Once there he toured the Sunni Triangle, a region in the country’s northwest area, and was a guest of American forces in Tikrit, where he toured Saddam’s palace. Outside the palace he witnessed a country marked by tanks, gunfire and mortar blasts.

“For almost 30 years, (Iraq has) either been at war or under sanctions,” Reynolds said. “I talked to people in the street just to see the human damage, and the carnage, and the little ones, who again, have been neglected.”

Since being built, the Baghdad playground has faced a number of problems. It opened on March 10 but since then it has borne witness to sectarian violence and bombings by Coalition forces that have helped put its neighbourhood under curfew. The final piece was only installed in the past week.

“For the builders there, they’ve been struggling with power shortages, electricity shortages and curfew,” Reynolds said.

Despite the violence that has engulfed these countries, Reynolds is committed to providing hope through the construction of playgrounds. Two park benches have been installed at the Baghdad playground in an effort to create some public space.

“In war and war economies or crisis areas, there are no more gathering places,” he said. “It becomes a gathering place for parents to talk about issues or their children or community issues.”

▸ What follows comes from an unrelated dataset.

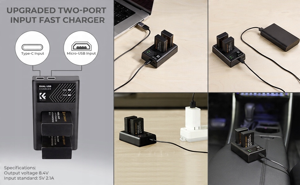 На щастя, завдяки компактним розмірам зарядного пристрою K&F ви можете взяти з собою ваш пристрій у будь-якому місці, не турбуючись про те, що в якийсь момент ваші фотографічні плани будуть зірвані через розряджені батареї!

The playgrounds, meanwhile, each with two swingsets, two teeter-totters and a slide, are a way to lift community spirits.

“It’s creating public employment, it’s creating dignity, it’s creating pride that the parents can see their children having fun,” Reynolds said.

Afghanistan, his next project, is proving difficult thus far. All materials for the prospective playground have to be imported and the workforce in that country, he said, isn’t accustomed to building playgrounds.

At the moment he’s looking to work with an NGO to establish two playgrounds outside of Kabul, Afghanistan’s capital, and possibly another in Herat province in the country’s northwest region.

Mike Varrin, a director of Playground Builders and general manager of bars for Whistler-Blackcomb, is accompanying Reynolds and another volunteer on the current trip to the Middle East.

A longtime friend of Reynolds’s, Varrin is getting involved with the project out of a desire to give less fortunate kids a chance to have fun.

“Living in Whistler, which is just this giant playground, I feel very fortunate to have lived here as long as I have, and just to play as much as I do,” Varrin said. “Just to give some of that back to someone who deserves it is really the motivation for it.”

Reynolds said Varrin will help him survey existing playgrounds and tour possible sites for new ones. They’ll be touring Jerusalem and the West Bank before Varrin returns home. Reynolds, meanwhile, will stay on and visit Gaza before going on to Afghanistan, providing he obtain a visa.